The release of the declassified document came the week after the Bush administration denounced as wrong a May 9 Newsweek article that stated U.S. interrogators at Guantanamo had flushed a Koran down a toilet to try to make detainees talk.
The magazine retracted the article, which had triggered protests in Afghanistan in which 16 people died.
The newly released document, dated Aug. 1, 2002, contained a summary of statements made days earlier by a detainee, whose name was redacted, in two interviews with an FBI special agent, whose name also was withheld, at the Guantanamo prison for foreign terrorism suspects.
The American Civil Liberties Union released the memo and a series of other FBI documents it obtained from the government under court order through the Freedom of Information Act.
"Personally, he has nothing against the United States. The guards in the detention facility do not treat him well. Their behavior is bad. About five months ago, the guards beat the detainees. They flushed a Koran in the toilet," the FBI agent wrote.
"The guards dance around when the detainees are trying to pray. The guards still do these things," the FBI agent wrote.
The Pentagon stated last week it had received "no credible and specific allegations" that U.S. personnel at Guantanamo had put a Koran in the toilet.
The documents indicated that detainees were making allegations that they had been abused and that the Muslim holy book had been mishandled as early as April 2002, about three months after the first detainees arrived at Guantanamo.
In other documents, FBI agents stated that Guantanamo detainees also accused U.S. personnel of kicking the Koran and throwing it to the floor, and described beatings by guards. But one document cited a detainee who accused a guard of dropping a Koran, prompting an "uprising" by prisoners, when it was the prisoner himself who dropped it.

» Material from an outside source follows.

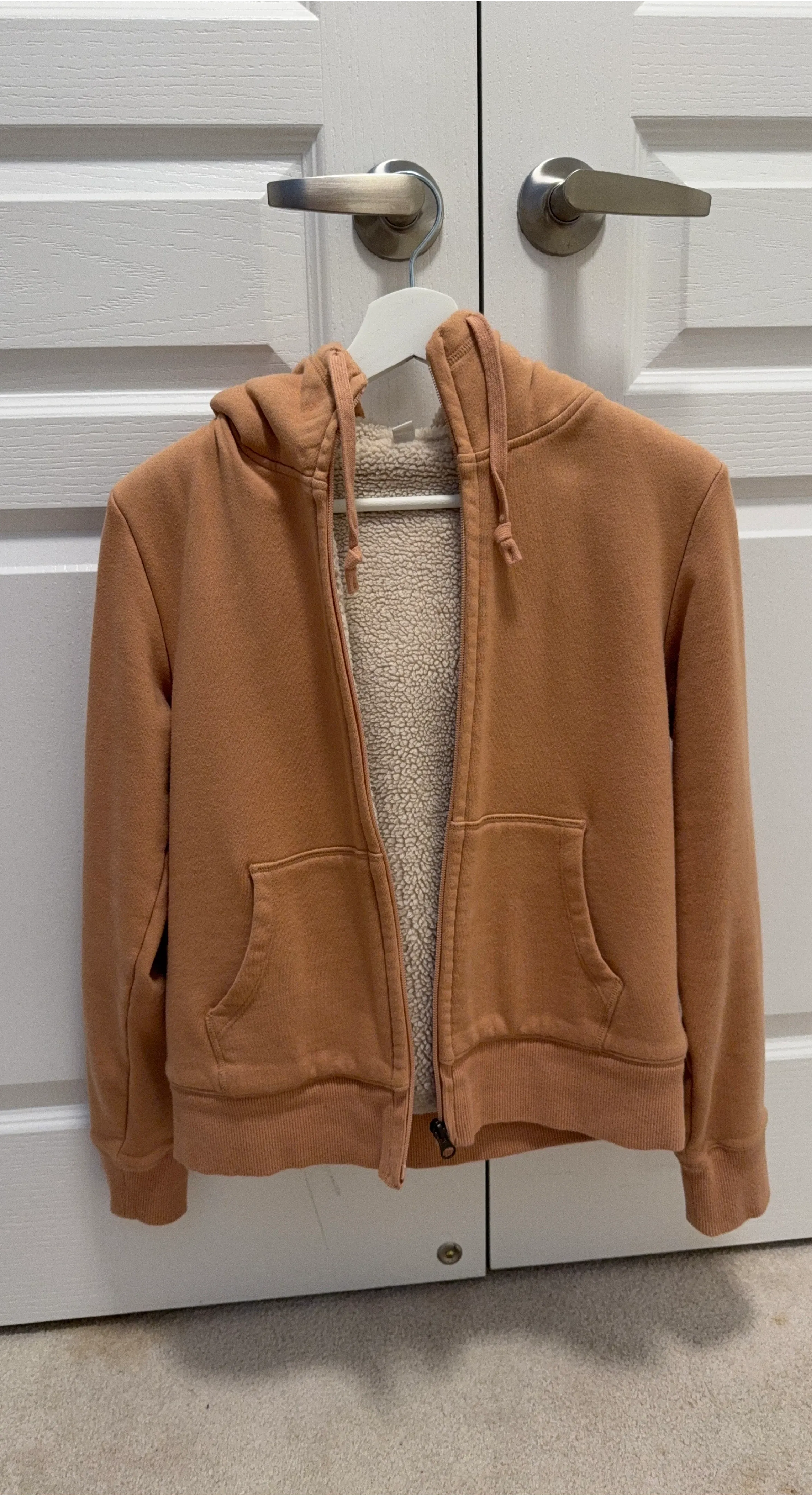 Cozy up in this Uniqlo hoodie! It's an extra small (XS) and features a soft sherpa lining to keep you warm. The outer colour is a lovely beige/light brown. Perfect for those chilly days!

The Pentagon had no immediate comment on the documents.
...
Former detainees and a lawyer for current prisoners previously have stated that U.S. personnel at Guantanamo had placed the Koran in a toilet, but the Pentagon last week said it did not view those allegations as credible.
'MORE CREDIBLE'
"Unfortunately, one thing we've learned over the last couple of years is that detainee statements about their treatment at Guantanamo and other detention centers sometimes have turned out to be more credible than U.S. government statements," said ACLU lawyer Jameel Jaffer.
http://news.yahoo.com/s/nm/20050525/ts_nm/security_guantanamo_koran_dc
It's looking like Newsweek was right...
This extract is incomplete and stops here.